How to communicate how the synchronization between threads and between threads. java concurrent uses a shared memory model
Two, JMM memory model
Java memory model (i.e. Java Memory Model, referred JMM) itself is an abstract concept, not real, or a set of rules that describes the specification, the specification defines the set by the program of each variable (including the instance field, static fields and elements) constituting the array object access.
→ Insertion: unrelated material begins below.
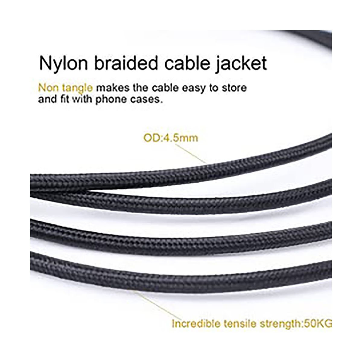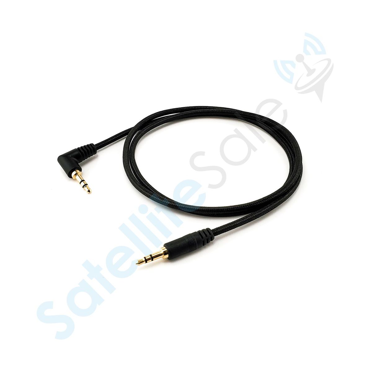 SatelliteSale Auxiliary 3.5mm Right Angle Audio Jack Male to Male Digital Stereo Aux Cable Universal Wire Black Nylon Cord 6 feet

From an abstract point of view, JMM defines an abstract relationship between the thread and the main memory: shared memory variables between threads in main memory (Main Memory), each thread has a private local
Memory (Local Memory), stored in the local memory of the thread read / write copy of the shared variable.
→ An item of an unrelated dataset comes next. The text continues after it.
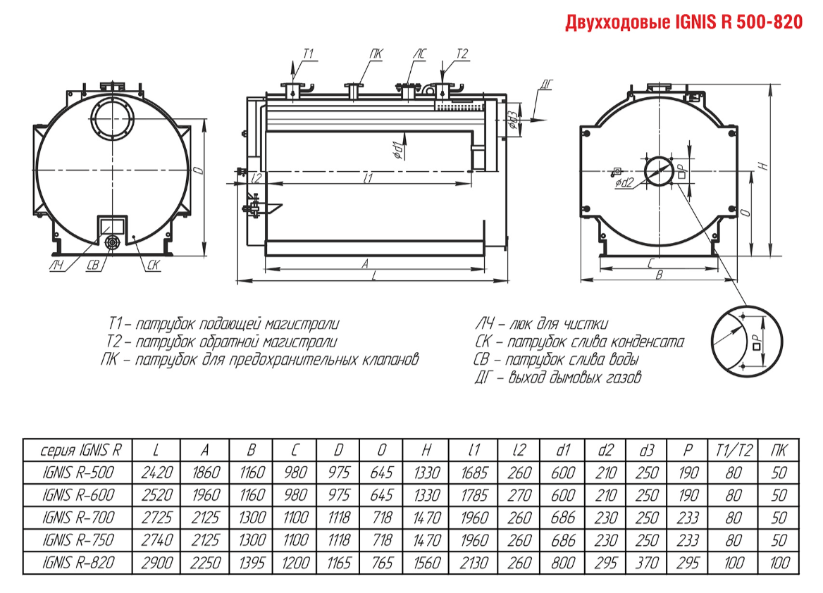 Технические характеристики водогрейного двухходового котла ARCUS IGNIS R-500

Three, JMM memory model characteristics
1. Visibility:
Since the program is run entity JVM thread, and each thread is created JVM will create a working memory (in some places called stack space) to store thread private data, and the Java memory model under which all variables are stored in the main memory, main memory is shared memory region, all threads have access, but the thread operations on variables (reading assignment, etc.) must be carried out in the working memory, the first variable you want to copy from main memory of their working memory space then the variable operation, after the operation is completed will write back to main memory variables , you can not operate the main variables in memory, working memory is stored in the main memory variable copy of a copy , as I said before, is a work memory for each thread the private data area, and therefore different threads can not access each other's work memory, a communication (by value) must be done by the main memory among threads, which follows FIG briefly visit:
To the communication between threads A and thread B, it must go through the following two steps.
1) A thread the updated local memory A shared variables to be flushed to main memory.
2) the thread B to read into main memory before the thread A has updated the shared variable.
2, atomicity
3, orderliness
Source code -> compiler optimization rearrangement -> Parallel instructions rearrangement -> rearrangement memory system -> command executed last
Single-threaded environment to ensure consistent implementation of the final results of the implementation of the program results and code sequence.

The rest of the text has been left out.